As gigantes de tecnologia e streaming elevaram o tom na discussão sobre a reforma tributária. Um grupo que reúne empresas como Google, Meta, Netflix, Amazon, iFood, Uber e Shein encaminhou ao governo e ao Congresso um pedido formal para prorrogar o prazo de adaptação às novas regras fiscais, previstas para entrar em vigor em 1º de janeiro de 2026.
O argumento central é técnico, mas os impactos são amplos. Atualmente, essas companhias operam sob regimes especiais que permitem consolidar várias operações em uma única nota fiscal. Com a reforma, cada transação deverá gerar um documento individual contendo informações como CPF e CEP do cliente. O salto estimado é exponencial: de algumas centenas de milhares de notas para mais de 26 bilhões de emissões anuais.
A engrenagem fiscal que preocupa as big techs
A mudança, que busca aumentar a transparência e a rastreabilidade das operações, ameaça colapsar os sistemas fiscais caso não haja um cronograma de transição. A Associação Brasileira de Mobilidade e Tecnologia (Amobitec), a Strima e a Camara-e.net — entidades que representam as empresas do setor — afirmam que o cenário atual pode gerar “uma chuva de judicialização” se as regras forem aplicadas sem clareza técnica.
André Porto, diretor-executivo da Amobitec, reforçou que o setor apoia a reforma tributária, mas alerta que “nenhuma empresa quer correr o risco de multas por descumprir regras que ainda não estão totalmente definidas”.
As companhias pedem a criação de um prazo de adaptação específico para as obrigações acessórias, além da suspensão temporária de penalidades durante a transição.

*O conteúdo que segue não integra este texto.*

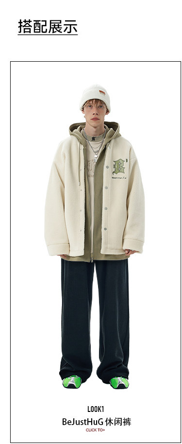 Bjhg Reckless Fake Two-Piece Cotton Jacket for Men, Winter Faux Lamb Wool Plush Coat, Warm Cotton-Padded Jacket, Thickened Cotton Coat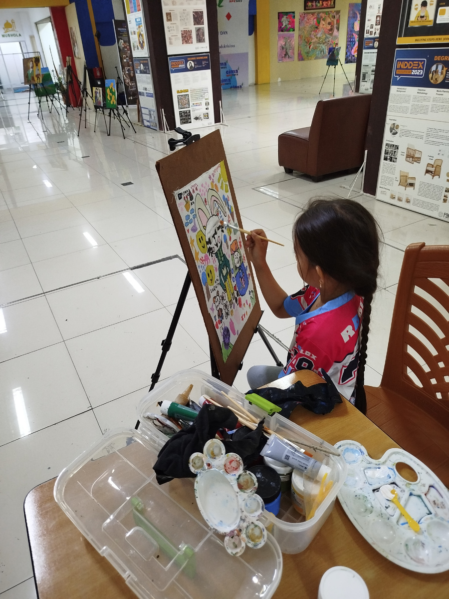 В субботу ходили рисовать на нашу выставку. Амира доделывала их с Зарой картину - опробовала новые кисточки
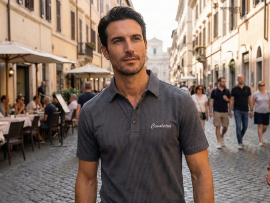 NEW【CAVALEIROS.】ドライタッチ・ジャカード シグネチャーポロ NavyGray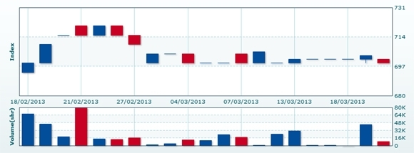 ベトナム株情報 > ベト株ニュース > カンボジア株 > 3/20:CSXインデックスは前日比▲0.61%安の698.92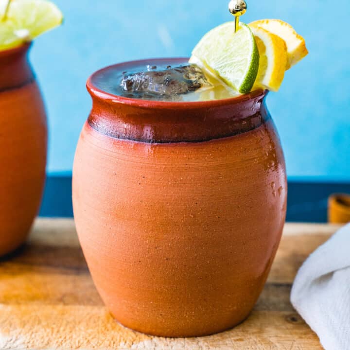 The Cantarito is similar to a Paloma, but it’s got more citrus juices like orange, lemon and lime juice. Layer it in a traditional clay cup, and the effect is stunning: it’s a light and refreshing drink that tastes even better sipped out of a cold clay rim.

Também solicitam que o modelo atual de emissão consolidada continue sendo aceito até que os novos sistemas estejam testados e estáveis.
Desafio técnico e risco de sobrecarga
A preocupação vai além das empresas. O ponto crítico é a capacidade da infraestrutura pública para processar o volume inédito de dados. Com dezenas de bilhões de notas fiscais sendo geradas anualmente, especialistas questionam se os sistemas municipais e federais terão robustez suficiente para evitar quedas, atrasos e inconsistências.
Quase metade dos municípios brasileiros ainda não aderiu ao portal nacional da Nota Fiscal de Serviços Eletrônica (NFS-e), o que aumenta a apreensão sobre a uniformização e compatibilidade dos sistemas. Caso os governos locais não consigam acompanhar o ritmo, empresas podem ficar impedidas de emitir notas ou sofrer penalidades indevidas — o que afetaria a arrecadação e o funcionamento do mercado digital.
Movimentos no Congresso e próximos passos
A pressão das big techs já começou a surtir efeito no Legislativo. O relatório do Projeto de Lei Complementar (PLP) 108/2024, que regulamenta parte da reforma, passou a incluir a possibilidade de emissão de documentos fiscais consolidados, medida que alivia a carga operacional das plataformas digitais.
Ainda assim, o setor considera o ajuste insuficiente e busca ampliar o período de adaptação. As propostas devem ser avaliadas pela Comissão de Constituição e Justiça (CCJ) do Senado, com votação prevista para o dia 17 deste mês.
A contagem regressiva segue apertada: o governo quer cumprir o cronograma da reforma, mas o setor digital alerta que o curto prazo pode travar o sistema e desencadear um ciclo de litígios e perdas bilionárias. Entre inovação e arrecadação, o Brasil enfrenta um teste decisivo de capacidade tecnológica e gestão fiscal.